Understanding regression coefficients and multicollinearity through the standardized regression model
The so-called standardized regression model is often presented in textbooks1 as a solution to numerical issues that can arise in regression analysis, or as a method to bring the regression coefficients to a common, more interpretable scale. However, this transformation can also be useful to gain a deeper understanding into the construction of regression coefficients, the problem of multicollinearity, and the inflation of standard errors. It can thus also be a useful educational tool.

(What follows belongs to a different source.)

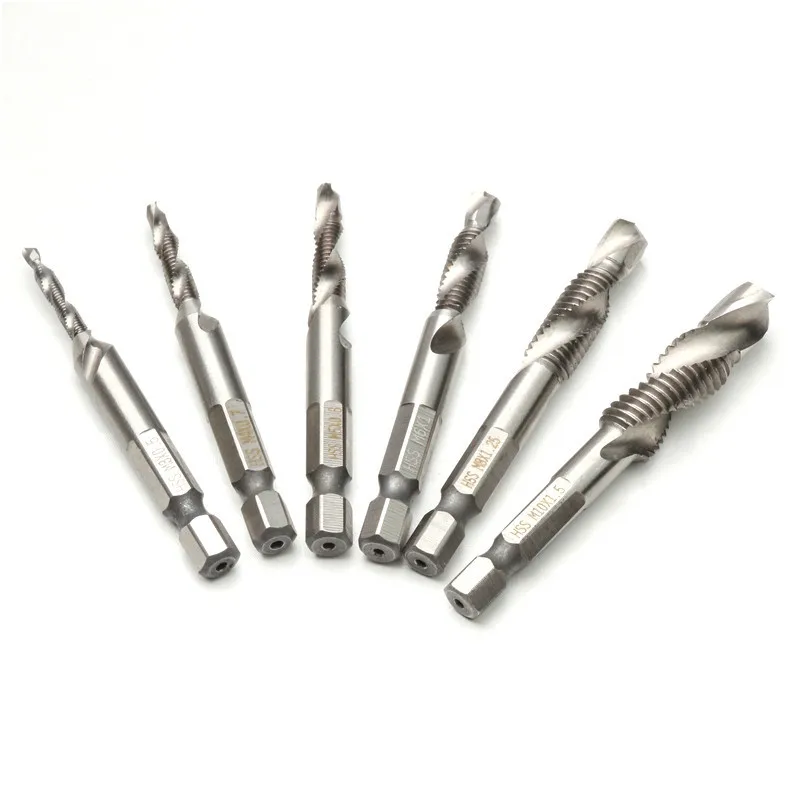 6pc HSS Hex Shank Thread Spiral Screw M3-M10 Combined Machine Tap Drill Bit for Metal Drilling Tapping

Correlation transformation
The standardized model refers to the model that is estimated after applying the correlation transformation to the outcome and the predictor variables. Let \(\mathbf{a}=(a_{1},a_{2},\ldots,a_{n})^T\) be a column vector of length n, then the correlation transformation is defined by
\[ a_{i}^{*}=\frac{a_{i}-\bar{a}}{\sqrt{\sum_{i=1}^{n}(a_{i}-\bar{a})^{2}}}, \]
where \(\bar{a}\) denotes the mean of the components of \(\mathbf{a}\). The correlation transformation is similar to a z-standardization, but instead of dividing by the standard deviation, we divide by the square root of the sum of squares. If we now consider another vector \(\mathbf{b}^{*}\), for which the same transformation has been applied, we find that
\[ \left(\mathbf{a}^{*}\right)^{T}\mathbf{b}^{*}=r_{a,b}, \]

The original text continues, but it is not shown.